LIVE: Mdou Moctar @ Komedia, Brighton

Tuareg guitar hero Moctar showcased why he is at the heart of desert blues' western popularisation.
Posted: 8 April 2022 Words: Caspar Latham Photos: Andrew Hasson

While the world struggled through a series of lockdowns in 2020, bassist Mike Coltun traveled to Niger to join his bandmates Mdou Moctar, Ahmoudou Madassane and Souleymane Ibrahim to prepare for the release of their debut album with Matador Records, Afrique Victim. Disappointed by the cancellation of concerts across Niger, and confined to the area around the capital, the group packed their gear into a car and drove to an area on the bank of the Niger river, which flows through Guinea, Mali, Niger and Nigeria. The result was a generator-powered performance filmed at dawn. Other performances from this period include low key concerts in a friend’s yard on the outskirts of Niamey, which attracted a large crowd from the town over the course of three nights. Since these performances and the release of Afrique Victime, the band have had a growing influence in the west with their current tour of Europe including a high energy performance at Brighton’s Komedia.

Mdou Moctar create a unique blend of Tuareg influences with modern rock music. Singing in the Tamashek language, Mahamadou Souleymane plays guitar in the takamba and assouf (or ‘desert blues’) styles. Growing up in the mining town of Arlit, located between the Sahara Desert and the Ait Mountains, he was also subjected to Western influences such as the music of rock guitarist Van Halen, using bicycle cables to build his first electric guitar. In their performance at Brighton’s Komedia, this eclectic combination of influences was palpable. Heavily distorted guitar solos on a white Stratocaster contrasted with immensely disciplined rhythms and intricate Tuareg vocal melodies. Apparently uncontrolled lead guitar parts switched into bridge sections and accelerating rhythms, showing a dedication to their craft that has paid off in tight onstage synchronisation. 

The performance included a number of tracks from their album Afrique Victimeincluding “Tala Tannam”, “Bismillahi Atagh” and “Chismiten”. Unlike the studio versions of the songs, acoustic guitar parts were replaced with blaring distortion and rapid, driving drum rhythms. Mike Coltun’s bass lines stood out in this context, with extended repetitions of one line in the final performance of the set reaching the level of trance-inducing. Although these highly charged renditions of the songs worked well for an electrified crowd in Brighton, a lot of subtlety was buried in distortion in a live context. The set would have benefitted from a variation in tone for one or two tracks, or an EQ raising the vocals over the lead guitar which occasionally drowned out other parts.
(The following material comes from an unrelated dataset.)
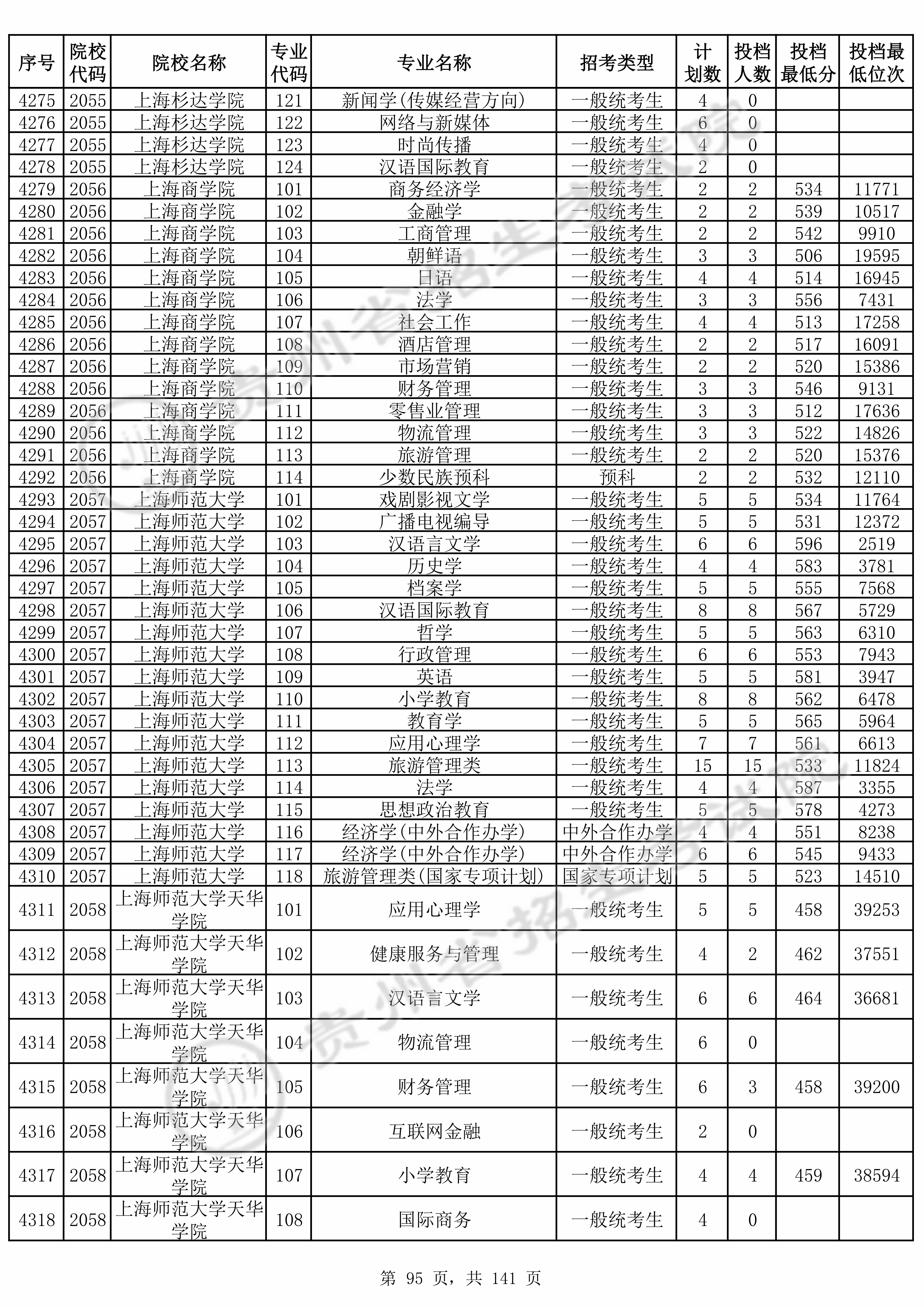 2025年贵州高考普通类本科批 上海师范大学天华学院 的 国际商务 专业录取分数溯源信息

Nevertheless, the set was otherwise flawlessly executed.

Since their initial success through viral cell-phone music trading networks across the Sahel, Mdou Moctar have gone from strength to strength. Following on from the popularisation of desert blues by artists such as Ali Farka Toure and Tinariwen, Mdou Moctar sits alongside musicians such as Bombino and Vieux Farka Toure in a new generation of artists bringing this music to a global audience. It will be interesting to see what this new fusion of tuareg and western influences will add to the thriving North and Central African music scene in future. 

Afrique Victime is out now via Matador Records.